While he intended to "fight for the podium" in Paris for his first Olympic Games, Caramnob Segaipov lost in the 16th finals of the under 90 kg judo tournament, Wednesday on the tatami of the Champ-de-Mars arena.
He was dominated by Bulgarian fighter Ivaylo Ivanov, who won after five minutes of regulation time with a "Ko-Uchi-Gari," a "small inside mowing" in Japanese. This hold, carried out one minute from the end, allowed the Bulgarian to be credited with a "Waza-ari," which is obtained when the opponent falls on his back, but he lacks a criterion for the "ippon," "a whole point," the highest score a fighter can obtain during a fight.
"Caramnob has been very disappointed since yesterday, he thought he could do better and fight for a medal," stated his coach Francois Saadeh, contacted by L'Orient-Le Jour. "He suffered too much and was not able to free himself and put his judo in place ... But he fell right away against a very good opponent."

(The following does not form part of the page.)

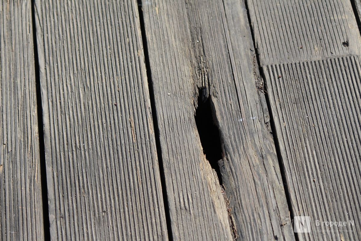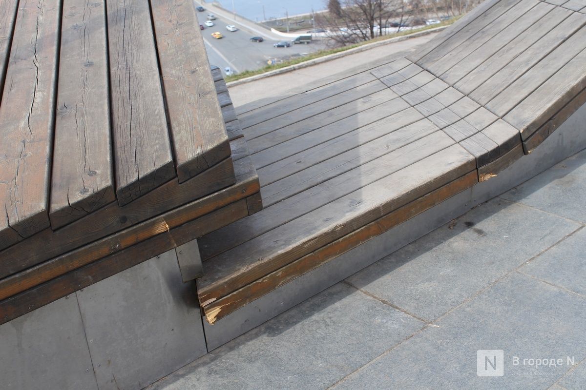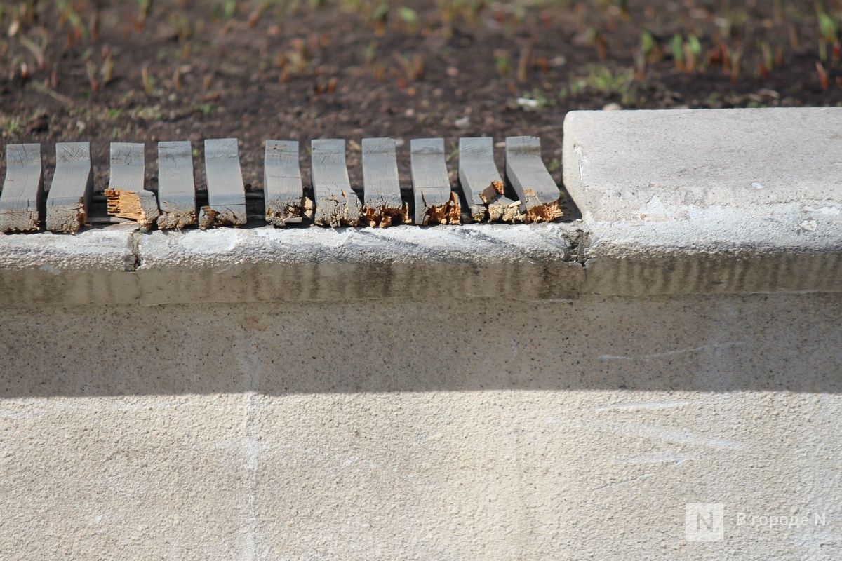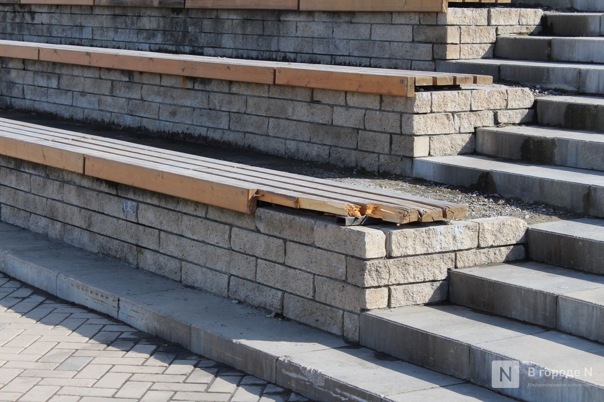 Последним пространством, которое посетила корреспондент ИА «В городе N», стала Нижневолжская набережная. Здесь тоже ежегодно проявляются одни и те же недостатки. С деревянных скамеек облезла краска, местами отсутствуют рейки. Аналогичные дефекты замечены и на амфитеатре. Правда, нынешней весной разрушений меньше, чем в прошлом году.

Ivaylo Ivanov indeed got the upper hand on the Lebanese from the very first moments. Put under pressure by his opponent's aggressiveness, Segaipov had been penalized with a "shido" for lack of fighting spirit halfway through the fight. Qualified, the Bulgarian was then eliminated in the next fight by the Georgian Lasha Bekauri, winner of the gold medal a few hours later thanks to his victory in the final against the Japanese Sanshiro Murao.
At 27, the judoka born in Chechnya (Russia) became a naturalized Lebanese citizen in 2019, his mother's homeland. He thus followed in the footsteps of Nassif Elias, a Brazilian judoka, also naturalized Lebanese to participate in the Rio Games in 2016 … his great-grandfather being Lebanese.
"We have hope in Caramnob and we hope that this defeat will allow him to come back even stronger in four years," assured Saadeh. The third Lebanese judoka to participate in the Olympics, Segaipov represented one of the main chances of a medal for the Lebanese delegation after the bronze he won in 2023 at the Asian Games in Hangzhou, China.
The 44-year wait thus continues for Lebanon, still orphaned of an Olympic medal since the Moscow Games in 1980, where Hassan Beshara won bronze in Greco-Roman wrestling. The last chance for Lebanon not to leave empty-handed from these Paris Games now rests on the shoulders of Laetitia Aoun, who will compete in taekwondo in a week, on Thursday, Aug. 8.